▸ RECORDED DATA

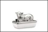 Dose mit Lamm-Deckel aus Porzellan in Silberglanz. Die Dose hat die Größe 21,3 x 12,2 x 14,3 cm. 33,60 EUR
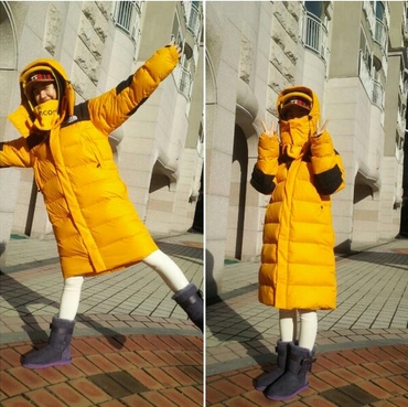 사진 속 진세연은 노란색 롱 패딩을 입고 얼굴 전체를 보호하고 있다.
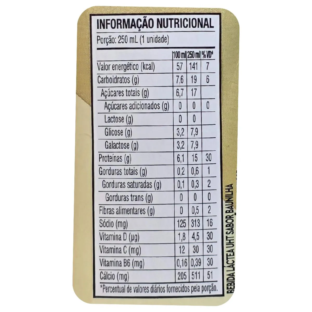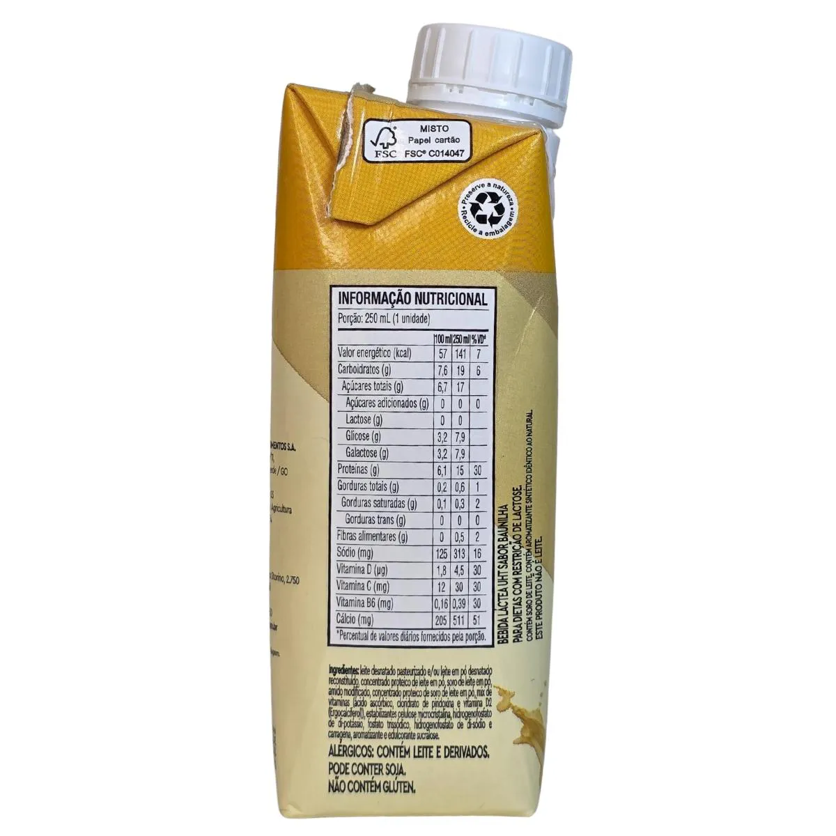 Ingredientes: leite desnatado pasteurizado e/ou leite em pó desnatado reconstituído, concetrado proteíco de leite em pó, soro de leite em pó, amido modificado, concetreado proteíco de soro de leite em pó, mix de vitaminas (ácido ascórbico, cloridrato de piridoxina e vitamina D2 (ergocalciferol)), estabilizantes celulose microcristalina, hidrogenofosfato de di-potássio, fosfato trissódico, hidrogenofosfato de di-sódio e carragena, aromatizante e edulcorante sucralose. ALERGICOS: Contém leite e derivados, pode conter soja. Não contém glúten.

▸ YOUR INSTRUCTIONS
Could you give back the full listing word for word, leaving out the images?

▸ SOLUTION TO THE PROBLEM
 Dose mit Lamm-Deckel aus Porzellan in Silberglanz. Die Dose hat die Größe 21,3 x 12,2 x 14,3 cm. 33,60 EUR
 사진 속 진세연은 노란색 롱 패딩을 입고 얼굴 전체를 보호하고 있다.
 Ingredientes: leite desnatado pasteurizado e/ou leite em pó desnatado reconstituído, concetrado proteíco de leite em pó, soro de leite em pó, amido modificado, concetreado proteíco de soro de leite em pó, mix de vitaminas (ácido ascórbico, cloridrato de piridoxina e vitamina D2 (ergocalciferol)), estabilizantes celulose microcristalina, hidrogenofosfato de di-potássio, fosfato trissódico, hidrogenofosfato de di-sódio e carragena, aromatizante e edulcorante sucralose. ALERGICOS: Contém leite e derivados, pode conter soja. Não contém glúten.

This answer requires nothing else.